## Exercise
Below are the records. Retype exactly the lines between the lines holding "NaturLider GranadaLider es" and "Zum Glück spielte", inclusive.

## Data to process
- - - -

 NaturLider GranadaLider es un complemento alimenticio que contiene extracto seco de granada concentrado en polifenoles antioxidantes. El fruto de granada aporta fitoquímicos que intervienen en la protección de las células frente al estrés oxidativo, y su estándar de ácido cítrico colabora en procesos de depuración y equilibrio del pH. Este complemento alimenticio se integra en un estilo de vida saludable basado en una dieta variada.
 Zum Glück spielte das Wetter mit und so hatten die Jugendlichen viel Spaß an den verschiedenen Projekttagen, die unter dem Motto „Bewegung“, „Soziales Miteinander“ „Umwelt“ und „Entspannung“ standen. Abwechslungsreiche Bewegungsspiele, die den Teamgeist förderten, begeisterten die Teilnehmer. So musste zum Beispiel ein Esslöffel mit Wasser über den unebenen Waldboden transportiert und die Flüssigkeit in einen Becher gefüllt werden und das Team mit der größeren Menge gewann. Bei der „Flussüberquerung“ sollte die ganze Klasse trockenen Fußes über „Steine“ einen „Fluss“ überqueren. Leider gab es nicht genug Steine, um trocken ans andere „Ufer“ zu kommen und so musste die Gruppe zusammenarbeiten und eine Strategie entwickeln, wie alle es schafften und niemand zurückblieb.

- - - -

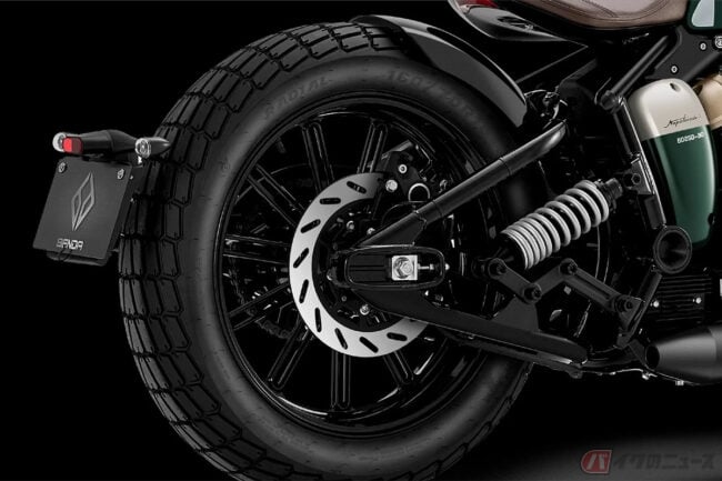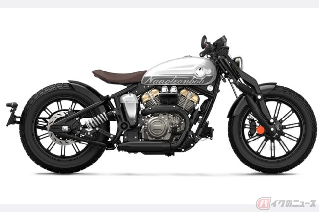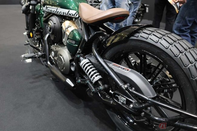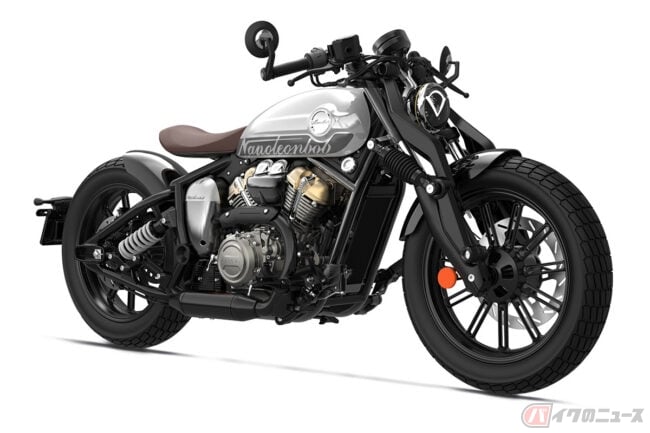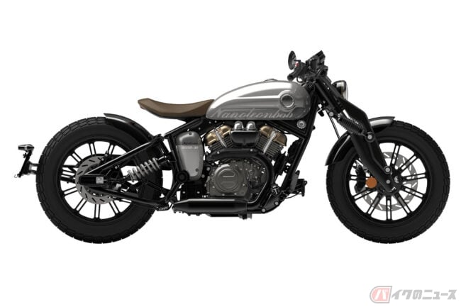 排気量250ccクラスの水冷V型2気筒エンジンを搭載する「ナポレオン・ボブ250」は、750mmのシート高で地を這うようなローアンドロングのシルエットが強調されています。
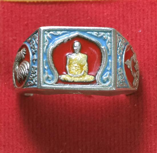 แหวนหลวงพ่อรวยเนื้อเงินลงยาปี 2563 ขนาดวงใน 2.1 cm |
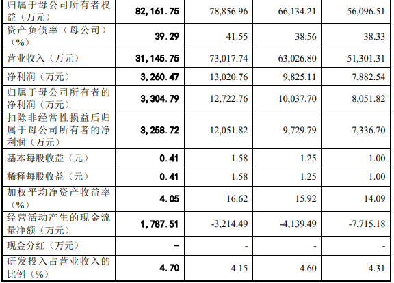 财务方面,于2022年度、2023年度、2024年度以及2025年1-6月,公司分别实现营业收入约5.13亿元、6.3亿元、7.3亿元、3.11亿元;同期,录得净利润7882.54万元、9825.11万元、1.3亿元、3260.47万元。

- - - -

## Exercise result
 NaturLider GranadaLider es un complemento alimenticio que contiene extracto seco de granada concentrado en polifenoles antioxidantes. El fruto de granada aporta fitoquímicos que intervienen en la protección de las células frente al estrés oxidativo, y su estándar de ácido cítrico colabora en procesos de depuración y equilibrio del pH. Este complemento alimenticio se integra en un estilo de vida saludable basado en una dieta variada.
 Zum Glück spielte das Wetter mit und so hatten die Jugendlichen viel Spaß an den verschiedenen Projekttagen, die unter dem Motto „Bewegung“, „Soziales Miteinander“ „Umwelt“ und „Entspannung“ standen. Abwechslungsreiche Bewegungsspiele, die den Teamgeist förderten, begeisterten die Teilnehmer. So musste zum Beispiel ein Esslöffel mit Wasser über den unebenen Waldboden transportiert und die Flüssigkeit in einen Becher gefüllt werden und das Team mit der größeren Menge gewann. Bei der „Flussüberquerung“ sollte die ganze Klasse trockenen Fußes über „Steine“ einen „Fluss“ überqueren. Leider gab es nicht genug Steine, um trocken ans andere „Ufer“ zu kommen und so musste die Gruppe zusammenarbeiten und eine Strategie entwickeln, wie alle es schafften und niemand zurückblieb.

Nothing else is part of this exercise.